The review chair confirmed that while AB is not able to attend today, she would provide an update on her behalf as she attended the last reference group meeting on the 21st of February. She updated the review group on the ALLIANCE report about the recent engagement exercises, which included four surveys and some focus groups. The report is being finalised and will be shared once ready. The feedback was that it had been helpful and reinforced what we know the issues to be for service users. The chair made the following points about the main findings from the report:
- there was considerable variation in experience of audiology services.
- communication was very variable at every level, this included: methods of communication with people with hearing impairments, the need to support communication at appointments, such as communicating difficult news and supporting the family.
- the importance of multiagency working, vitally time sensitive with infants and children, still very important for adults. Individualised management plans aren’t always provided to patients, and referrals to other agencies does not always happen, Parents felt in some areas that they had a good experience, but this was very variable, – sometimes they had to drive the linkages with other agencies.
AB and the reference group are reviewing these findings and will come forward with any specific recommendations at the next meeting on 14th March 2023.

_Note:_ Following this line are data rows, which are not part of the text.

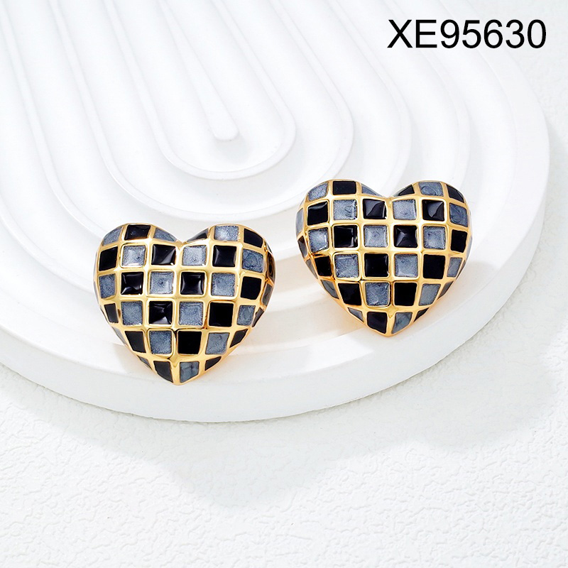 Home > Level B Stainless Steel New Trendy Women Jewelry Drip Oil/Enamel Heart Golden Valentine's Day Earrings
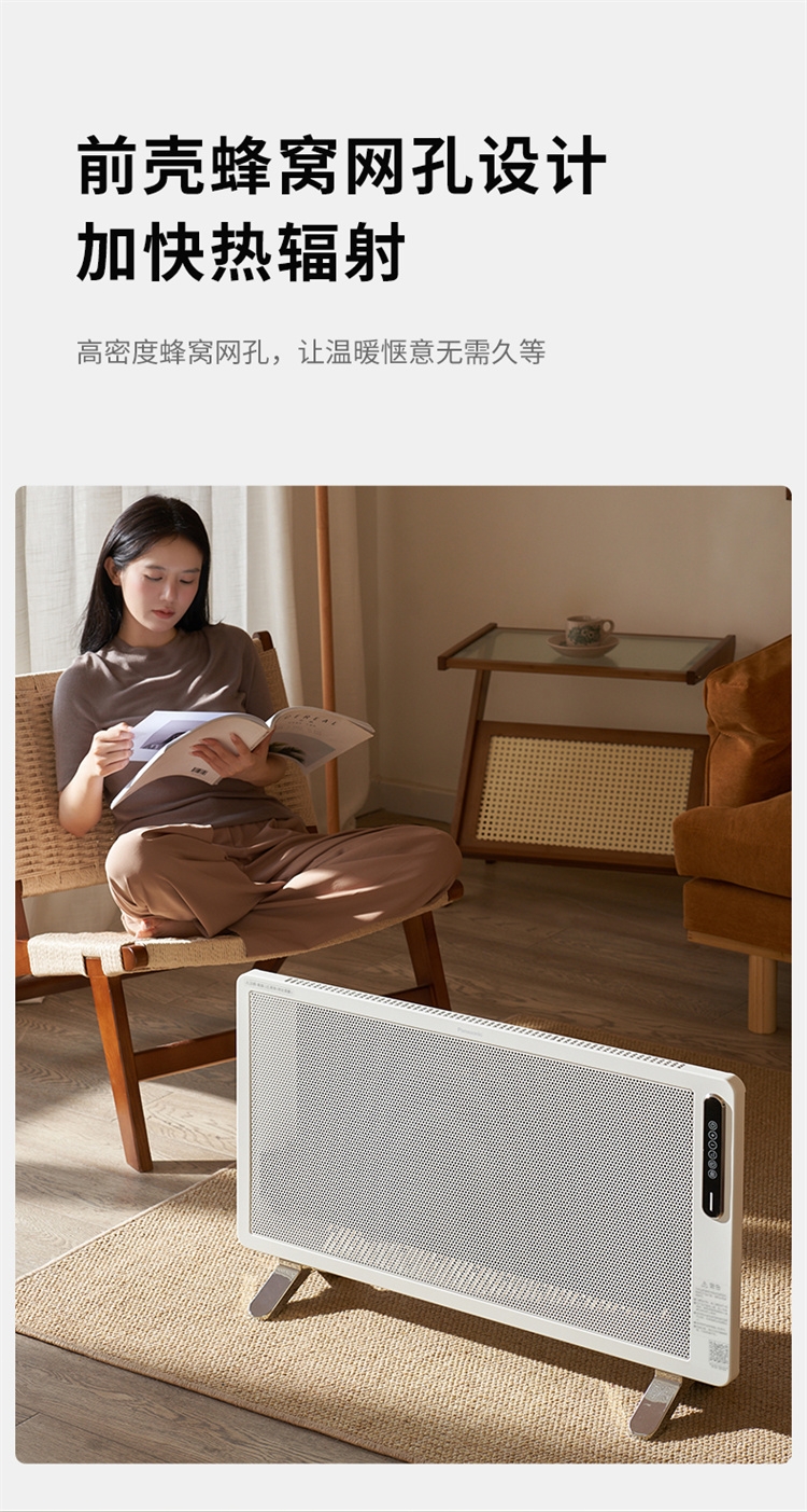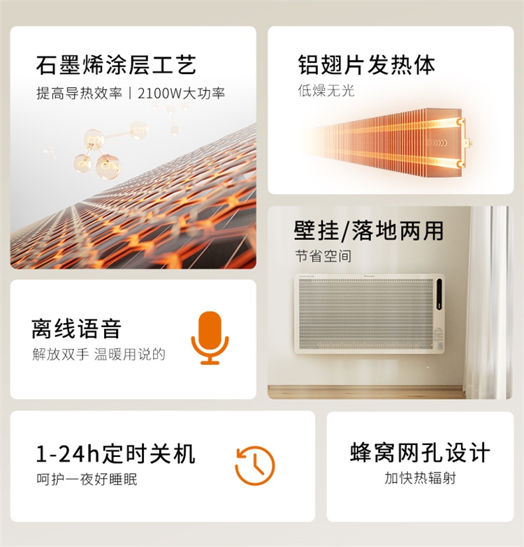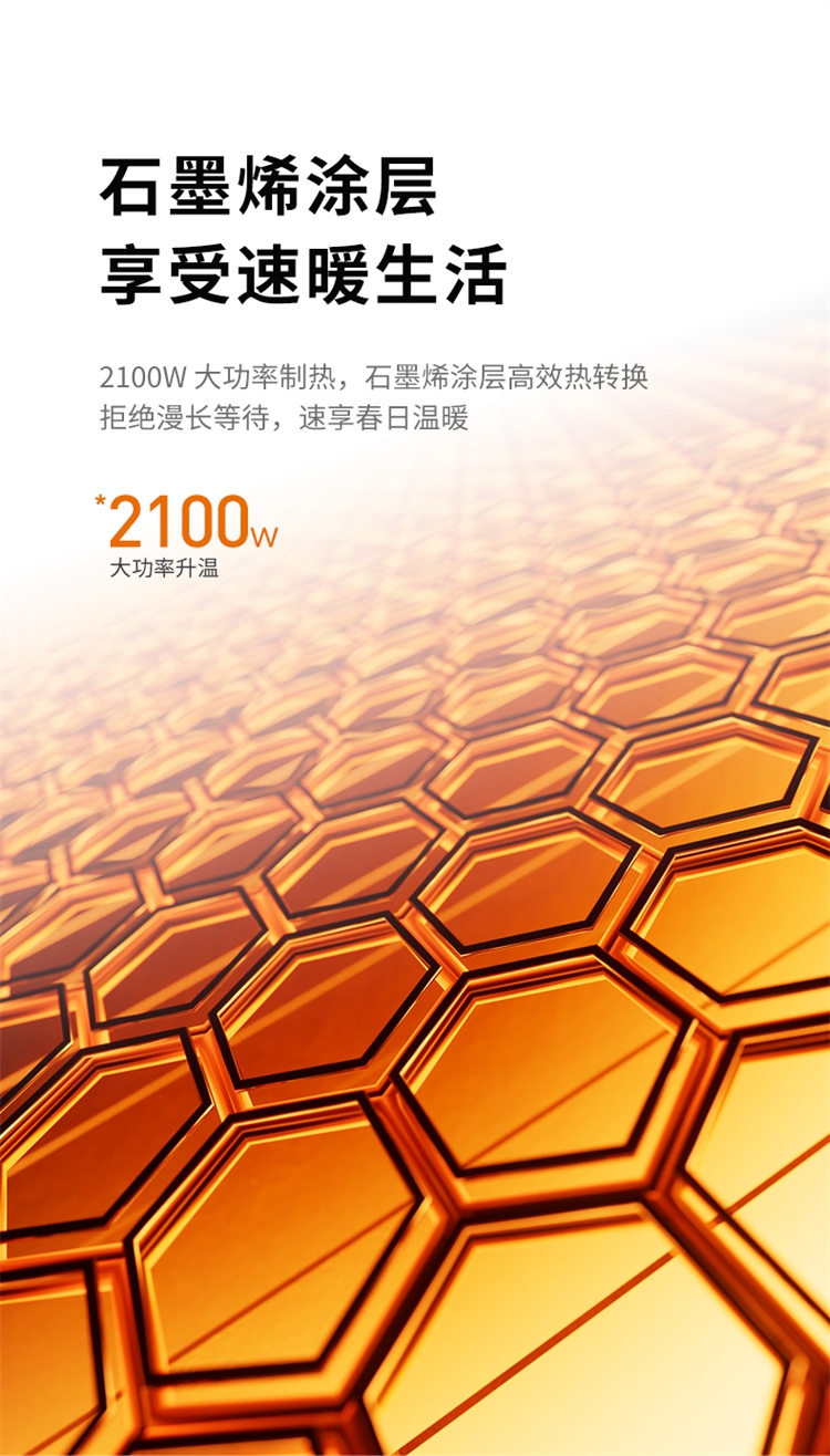 科技石墨烯:导热性优秀的新型材料;远红外线传热:均匀升温不干燥;全新代发热体:石墨烯+铝翅片
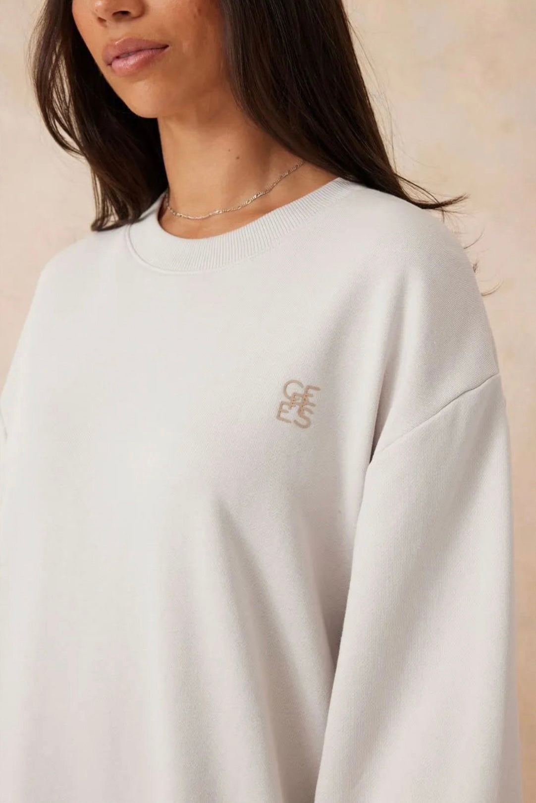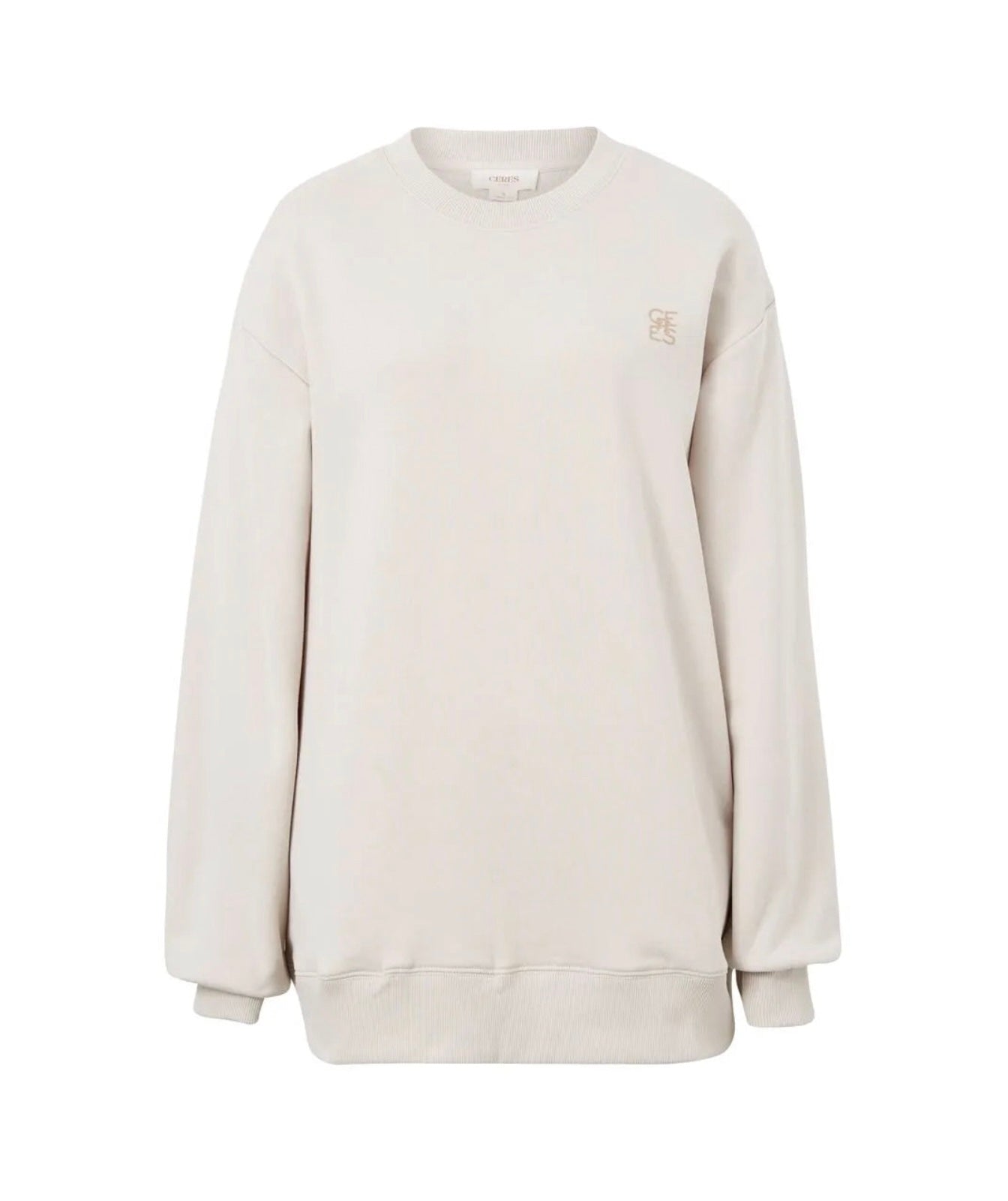 Ceres Life Oversized Slouchy Crew | Almond/Small Logo
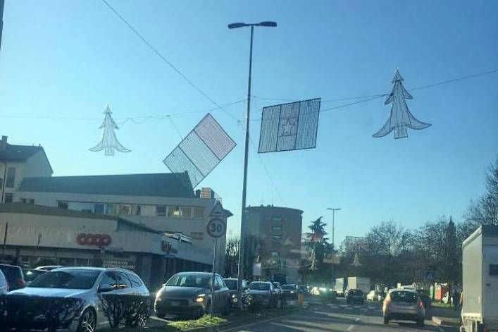 E’ successo nella centralissima via Vittorio Veneto, dove le luminarie che raffigurano le bandiere dei paesi del mondo si sono staccate. Il vento le ha fatte ondeggiare pericolosamente sulla carreggiata dove sono transitano auto e pedoni. Qualcuno ha segnalato la situazione in Comune e ai tecnici di Gaia che interverranno per ripristinarle.
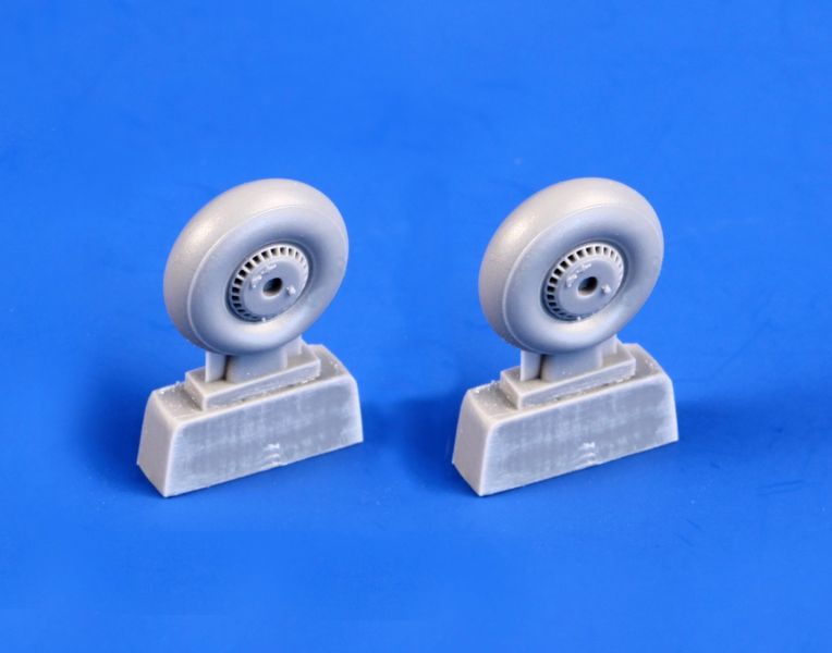 CMK - 1/48 Reggiane Re-2005 Main Wheels(for Special Hobby kits) incorporating higher levels of detail compared to the original in the kit and the tyres are also weighed and come in one part, so you do not need to assemble them from the halves.
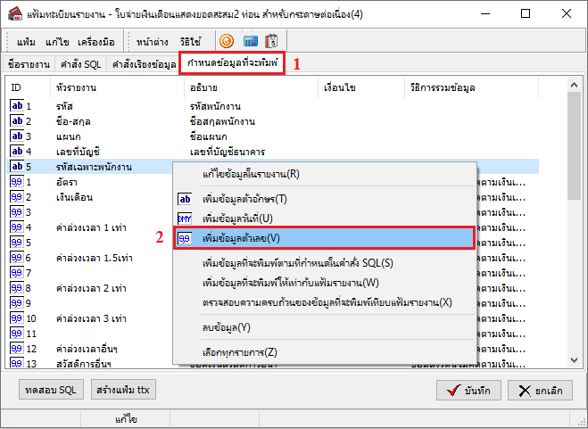 4. ระบบจะแสดงหน้าต่าง แฟ้มทะเบียนรายงาน ทำการเพิ่มข้อมูลทะเบียนรายงาน โดยไปที่แถบ กำหนดข้อมูลที่จะพิมพ์ > คลิกขวาพื้นที่ว่าง > เลือกเมนูเพิ่มข้อมูลตัวเลข ดังภาพ
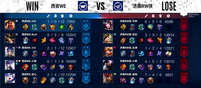 双方和平开局。1分56秒娜可露露击杀不知火舞拿下一血。2分27秒娜可露露拿下暴君。3分10秒中路团战,猪八戒被击杀。3分20秒不知火舞被击杀。5分30中路团战,猪八戒被击杀。5分45秒艾琳推掉下路一塔。7分10秒娜可露露拿下暴君。8分50秒艾琳推掉中路一塔。10分20秒澜拿下主宰,艾琳拿下暴君。12分30秒上路团战,西安WE团灭济南RW侠,艾琳拿下三杀。13分01秒西安WE推掉水晶率先拿下一分。
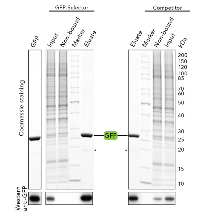 將等量GFP Selector和競爭產(chǎn)品與1ml含GFP標(biāo)記蛋白的HeLa裂解物一起孵育,通過考馬斯染色和蛋白印跡分析上樣、洗滌產(chǎn)物、洗脫產(chǎn)物。

JD asked about patient reporting experience measures and whether this could be national or UK wide and be put to the reference group. He added he would like to see some standardisation in the way that the patient views and experience are gathered. The chair agreed that patient experience links in, and that service user input is needed when quality standards are devised. CR asked to make sure the reference group findings are sent to the subgroup in time, so that everyone hears the patient voice and so this is reflected in the final report.
Any other business
The chair reminded the group that the next meeting is on the 21st of March 2023, and that recommendations will be sent to the review group members ahead of the next meeting.
Action: review secretariat to chase the ALLIANCE for report to allow everyone time to read this prior to next meeting.